▶ _Work required_: Please restate every line below exactly, without any pictures.

▶ _Information supplied_:
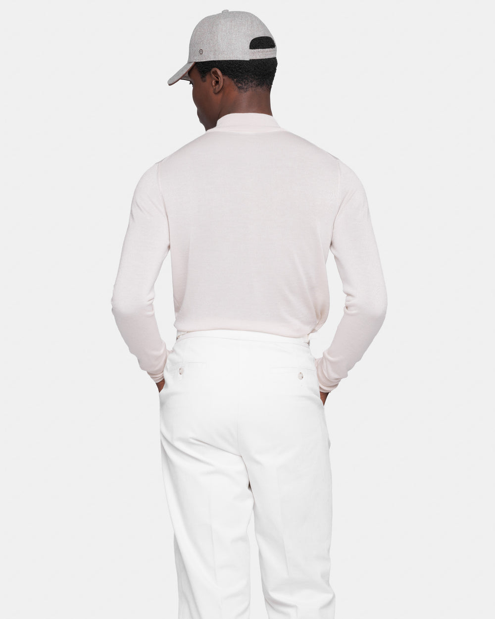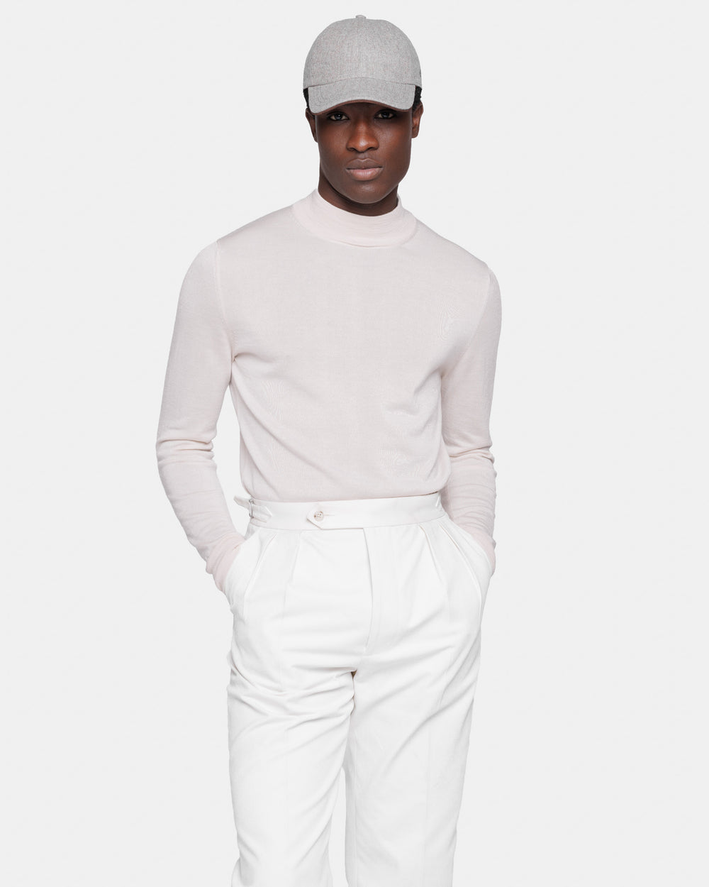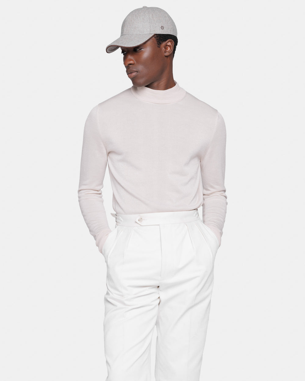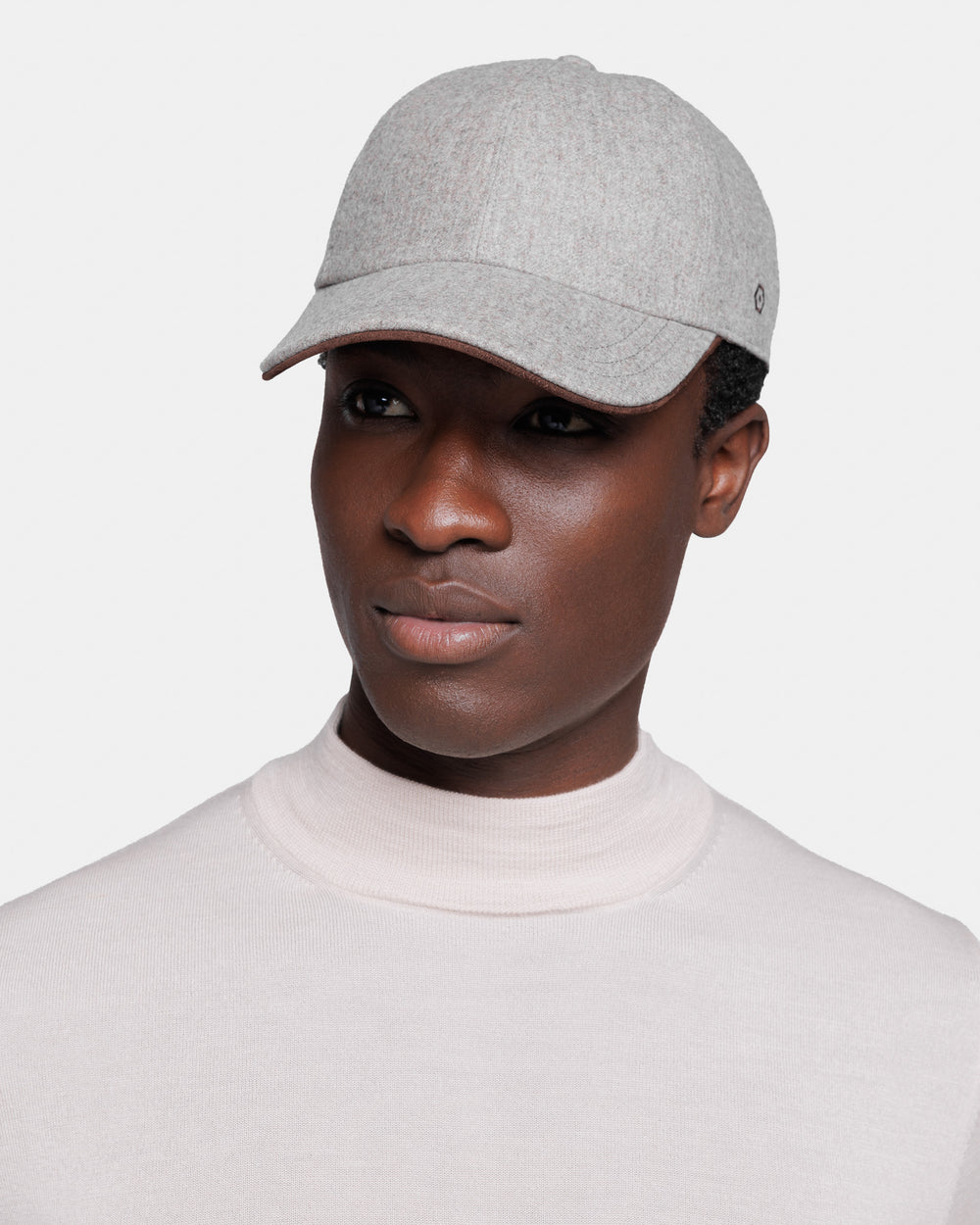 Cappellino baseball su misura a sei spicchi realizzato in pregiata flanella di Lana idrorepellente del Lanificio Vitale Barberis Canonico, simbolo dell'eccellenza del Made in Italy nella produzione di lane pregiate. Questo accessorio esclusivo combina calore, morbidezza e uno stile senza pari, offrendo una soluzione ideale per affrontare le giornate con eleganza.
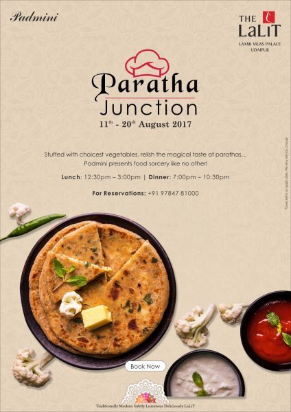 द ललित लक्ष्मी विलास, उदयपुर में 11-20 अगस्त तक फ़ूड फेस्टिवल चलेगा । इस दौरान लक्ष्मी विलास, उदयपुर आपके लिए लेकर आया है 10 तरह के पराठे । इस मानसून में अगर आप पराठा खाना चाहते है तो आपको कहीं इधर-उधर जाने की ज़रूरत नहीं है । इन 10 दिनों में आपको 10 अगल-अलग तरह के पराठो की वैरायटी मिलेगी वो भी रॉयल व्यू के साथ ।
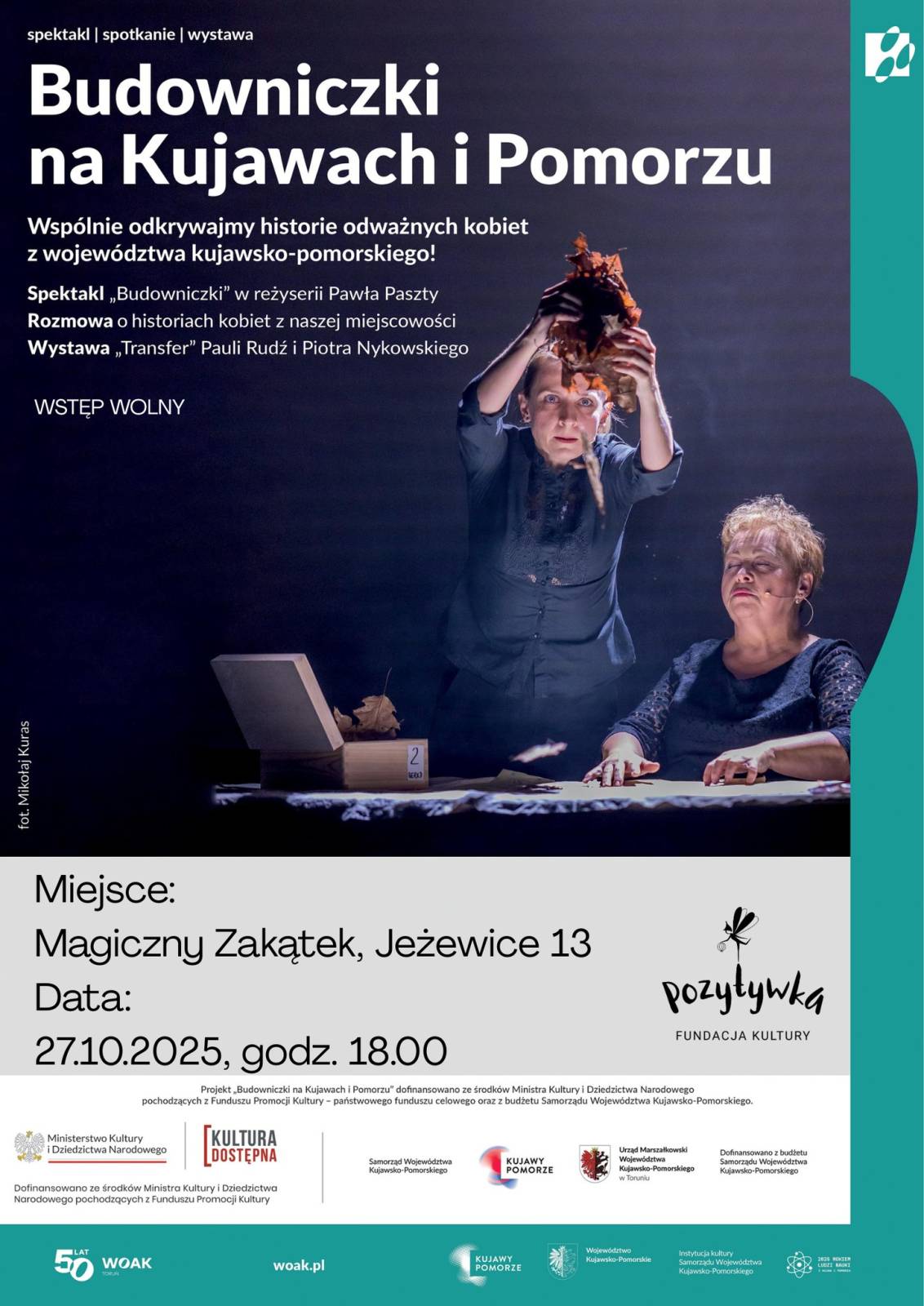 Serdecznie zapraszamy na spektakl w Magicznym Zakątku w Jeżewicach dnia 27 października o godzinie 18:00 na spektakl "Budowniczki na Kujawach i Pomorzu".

▶ _Solution to the problem_:
 Cappellino baseball su misura a sei spicchi realizzato in pregiata flanella di Lana idrorepellente del Lanificio Vitale Barberis Canonico, simbolo dell'eccellenza del Made in Italy nella produzione di lane pregiate. Questo accessorio esclusivo combina calore, morbidezza e uno stile senza pari, offrendo una soluzione ideale per affrontare le giornate con eleganza.
 द ललित लक्ष्मी विलास, उदयपुर में 11-20 अगस्त तक फ़ूड फेस्टिवल चलेगा । इस दौरान लक्ष्मी विलास, उदयपुर आपके लिए लेकर आया है 10 तरह के पराठे । इस मानसून में अगर आप पराठा खाना चाहते है तो आपको कहीं इधर-उधर जाने की ज़रूरत नहीं है । इन 10 दिनों में आपको 10 अगल-अलग तरह के पराठो की वैरायटी मिलेगी वो भी रॉयल व्यू के साथ ।
 Serdecznie zapraszamy na spektakl w Magicznym Zakątku w Jeżewicach dnia 27 października o godzinie 18:00 na spektakl "Budowniczki na Kujawach i Pomorzu".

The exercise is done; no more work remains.